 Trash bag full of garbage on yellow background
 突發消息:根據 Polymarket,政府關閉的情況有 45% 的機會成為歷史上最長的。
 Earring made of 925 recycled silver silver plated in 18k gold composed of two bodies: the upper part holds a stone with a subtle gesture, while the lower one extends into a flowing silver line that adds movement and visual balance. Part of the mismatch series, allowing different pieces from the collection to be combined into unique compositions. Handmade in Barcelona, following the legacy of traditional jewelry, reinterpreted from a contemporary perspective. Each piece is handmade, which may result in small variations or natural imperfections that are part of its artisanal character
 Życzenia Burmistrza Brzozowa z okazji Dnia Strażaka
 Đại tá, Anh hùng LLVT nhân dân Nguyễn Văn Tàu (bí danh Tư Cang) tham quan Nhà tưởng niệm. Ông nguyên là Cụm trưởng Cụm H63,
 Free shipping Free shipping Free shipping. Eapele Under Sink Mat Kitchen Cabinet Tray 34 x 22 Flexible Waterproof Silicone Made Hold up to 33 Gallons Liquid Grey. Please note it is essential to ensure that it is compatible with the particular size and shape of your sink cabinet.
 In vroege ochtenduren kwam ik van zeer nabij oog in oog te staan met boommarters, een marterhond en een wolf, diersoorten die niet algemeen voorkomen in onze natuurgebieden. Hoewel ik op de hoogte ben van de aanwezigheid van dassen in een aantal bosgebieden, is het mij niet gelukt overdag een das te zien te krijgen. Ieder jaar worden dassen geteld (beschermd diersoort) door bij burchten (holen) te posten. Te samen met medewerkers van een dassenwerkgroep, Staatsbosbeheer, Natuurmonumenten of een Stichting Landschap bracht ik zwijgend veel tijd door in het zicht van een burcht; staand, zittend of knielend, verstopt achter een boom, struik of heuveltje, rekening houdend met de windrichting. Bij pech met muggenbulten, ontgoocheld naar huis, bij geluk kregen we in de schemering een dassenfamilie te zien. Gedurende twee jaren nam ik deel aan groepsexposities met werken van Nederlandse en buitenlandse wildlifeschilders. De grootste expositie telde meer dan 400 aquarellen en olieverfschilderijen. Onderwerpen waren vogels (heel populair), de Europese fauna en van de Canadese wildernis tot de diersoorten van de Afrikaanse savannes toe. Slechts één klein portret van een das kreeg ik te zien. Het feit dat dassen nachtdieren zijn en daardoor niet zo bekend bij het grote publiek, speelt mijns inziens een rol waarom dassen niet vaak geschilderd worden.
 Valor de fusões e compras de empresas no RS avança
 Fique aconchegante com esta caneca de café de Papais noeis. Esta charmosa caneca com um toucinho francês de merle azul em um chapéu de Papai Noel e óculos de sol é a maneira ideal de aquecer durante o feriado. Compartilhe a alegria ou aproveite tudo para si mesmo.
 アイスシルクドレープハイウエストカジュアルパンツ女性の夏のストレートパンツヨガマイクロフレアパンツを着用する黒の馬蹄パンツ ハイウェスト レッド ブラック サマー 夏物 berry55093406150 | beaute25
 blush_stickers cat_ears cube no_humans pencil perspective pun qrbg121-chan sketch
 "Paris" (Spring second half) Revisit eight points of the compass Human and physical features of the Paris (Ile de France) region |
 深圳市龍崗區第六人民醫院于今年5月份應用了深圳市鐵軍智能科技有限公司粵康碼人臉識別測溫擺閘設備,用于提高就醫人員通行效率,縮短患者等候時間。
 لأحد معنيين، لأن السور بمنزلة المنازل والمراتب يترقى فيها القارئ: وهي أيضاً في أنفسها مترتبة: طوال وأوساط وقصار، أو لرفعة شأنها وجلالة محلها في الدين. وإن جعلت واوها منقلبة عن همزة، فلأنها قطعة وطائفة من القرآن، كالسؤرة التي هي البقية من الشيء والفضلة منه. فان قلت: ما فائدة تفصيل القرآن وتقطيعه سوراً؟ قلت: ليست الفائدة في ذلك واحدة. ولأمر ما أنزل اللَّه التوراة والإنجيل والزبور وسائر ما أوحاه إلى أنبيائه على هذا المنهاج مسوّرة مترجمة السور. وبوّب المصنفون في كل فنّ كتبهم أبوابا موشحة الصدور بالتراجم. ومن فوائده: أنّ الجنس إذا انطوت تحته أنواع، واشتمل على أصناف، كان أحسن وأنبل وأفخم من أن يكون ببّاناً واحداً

Your goal: If a line in the records above has the word "perspective", copy it.

Response below:
 Earring made of 925 recycled silver silver plated in 18k gold composed of two bodies: the upper part holds a stone with a subtle gesture, while the lower one extends into a flowing silver line that adds movement and visual balance. Part of the mismatch series, allowing different pieces from the collection to be combined into unique compositions. Handmade in Barcelona, following the legacy of traditional jewelry, reinterpreted from a contemporary perspective. Each piece is handmade, which may result in small variations or natural imperfections that are part of its artisanal character
 blush_stickers cat_ears cube no_humans pencil perspective pun qrbg121-chan sketch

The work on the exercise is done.